Changing my MAC to a well known large chipset maker made all my problems disappear like snow before the sun.
I can speculate as to what exactly is happening, but I can't influence that and I doubt they'd care if I'd inform them. Either way, if you are experiencing weird package loss which you don't have when connecting e.g. a laptop directly then it might that your ISP is the culprit and not you, nor any of your OpenWRT settings.

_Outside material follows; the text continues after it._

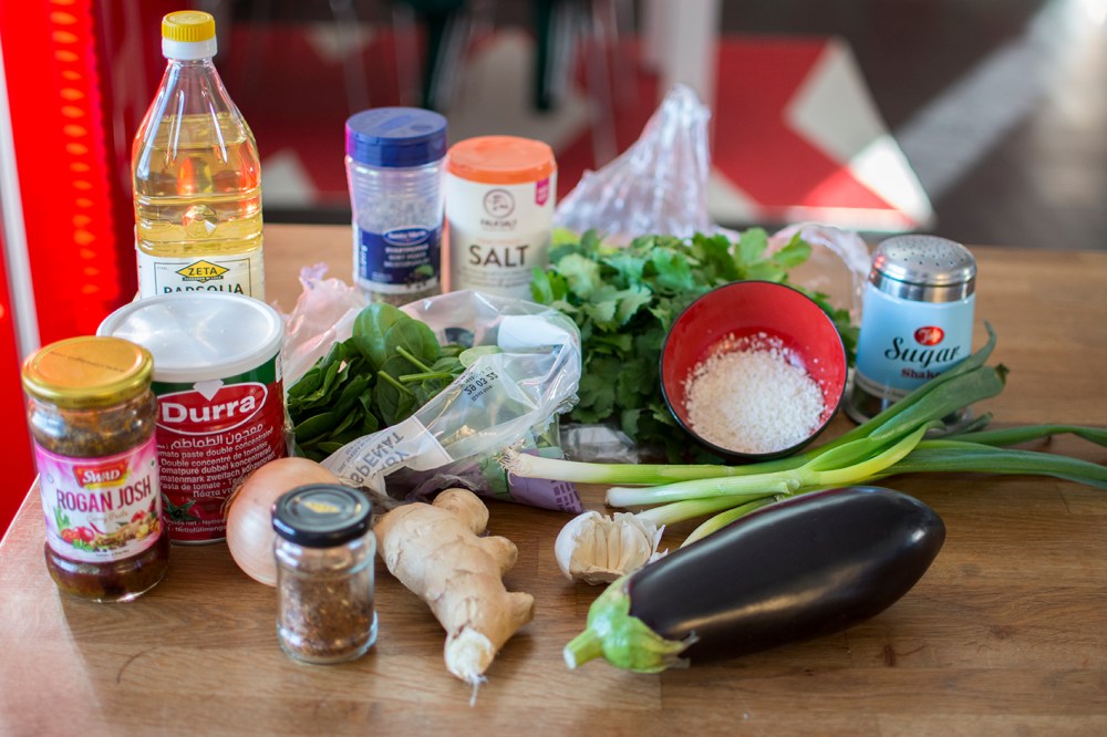 Hetta upp olja i en gjutjärnsgryta och fräs tomatpurén i ett par minuter. Tillsätt auberginen och stek tills den fått fin yta. Häll i lök, vitlök, vårlök och ingefära. Fräs ett par minuter till och tillsätt sedan 2 deciliter vatten. Låt koka upp.

The long story for those who are bored and want to read something:
I have a very simple cable modem (DOCSIS) which can only bridge. I used to have a regular x86 computer behind it that did firewall and so much more, with other OpenWRT devices behind that for WiFI. It's a good idea to just have a dedicated piece of hardware as the entry point for your Internet connection and not a jack of all trades machine. After all, you mess up and other_people will complain that there's no Internet (uh oh). So, I looked around and settled on the MT1300 for various reasons. Sometimes it takes a while for devices to arrive, hence I started off with a raspberry 2b I had lying out figuring it would make an easy copy paste while I figured out everything I wanted to run off of it. That device started off with weird package loss. It's using a ethernet over USB as second port, maybe it's the USB bus going idle. Nope, maybe it's the power then? Nope, maybe it's the cabling close to the adapters that's causing crosstalk? Nope. Well.. I gave up on that waited it out for the MT1300 to arrive (while my favourite streaming service hiccuped away and any voice calls became staccato).

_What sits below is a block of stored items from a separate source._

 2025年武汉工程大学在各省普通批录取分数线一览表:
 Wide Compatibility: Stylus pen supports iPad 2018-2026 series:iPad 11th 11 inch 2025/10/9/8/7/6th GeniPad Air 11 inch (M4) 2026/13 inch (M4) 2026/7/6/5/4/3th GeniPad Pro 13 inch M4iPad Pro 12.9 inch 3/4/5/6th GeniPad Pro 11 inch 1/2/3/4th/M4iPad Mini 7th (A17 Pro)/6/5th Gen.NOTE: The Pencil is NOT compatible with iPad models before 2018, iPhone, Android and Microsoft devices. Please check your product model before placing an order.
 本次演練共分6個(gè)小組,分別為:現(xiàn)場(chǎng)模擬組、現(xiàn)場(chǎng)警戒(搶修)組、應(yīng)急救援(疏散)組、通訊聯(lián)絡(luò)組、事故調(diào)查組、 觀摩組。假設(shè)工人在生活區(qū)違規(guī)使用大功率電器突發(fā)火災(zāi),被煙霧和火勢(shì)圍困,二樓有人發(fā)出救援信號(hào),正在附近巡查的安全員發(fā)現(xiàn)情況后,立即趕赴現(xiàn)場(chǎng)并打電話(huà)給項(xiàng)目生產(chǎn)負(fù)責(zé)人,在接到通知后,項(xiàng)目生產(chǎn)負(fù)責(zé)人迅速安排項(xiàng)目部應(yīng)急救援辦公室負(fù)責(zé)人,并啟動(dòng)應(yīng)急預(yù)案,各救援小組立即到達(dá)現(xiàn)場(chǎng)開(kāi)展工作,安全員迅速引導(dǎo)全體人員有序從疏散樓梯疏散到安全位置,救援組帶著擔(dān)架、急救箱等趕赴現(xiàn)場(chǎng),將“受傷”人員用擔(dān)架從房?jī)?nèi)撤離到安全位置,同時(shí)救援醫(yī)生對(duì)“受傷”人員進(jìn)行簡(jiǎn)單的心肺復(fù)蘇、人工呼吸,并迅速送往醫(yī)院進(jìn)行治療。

My MT1300 arrived, copied config and almost the same problem. My ping times were better, but I still had package loss! Well, you think it must be a problem then with the coaxial cabling right? Got technicians over, nothing, clear perfect cable signal. Well then it had to be the cable modem, borrowed a test modem and wow - good connection. The test modem was a fancy router doing NAT, WIFi and so on.
I get myself a new dumb cable modem, identical to the one I though had crapped out and ... nothing. Identical problems. At that moment I had already spent quite a bit of time wasted in frustration and I was running out of ideas. I joined the OpenWRT IRC channel and one person gave me some really good ideas. For instance, double checking that the packages get sent out using tcpdump-lite (they did). Running a computer directly on the WAN port making sure that there was nothing wrong there either. When all was said and done the only real difference between a direct connection from computer to the cable modem and a connection to the MT1300 was... the MAC. I mean, I even considered things like EEE (Energy Efficient Ethernet), link layer properties and so on.
Changed the MAC and lo and behold! Part of me was flabbergasted, part of me was fuming because of all the lost time and effort on something that turned out to be a non-issue.
Either way, I would like to thank the people who helped me bounce ideas off them and who gave me some really good ideas to consider!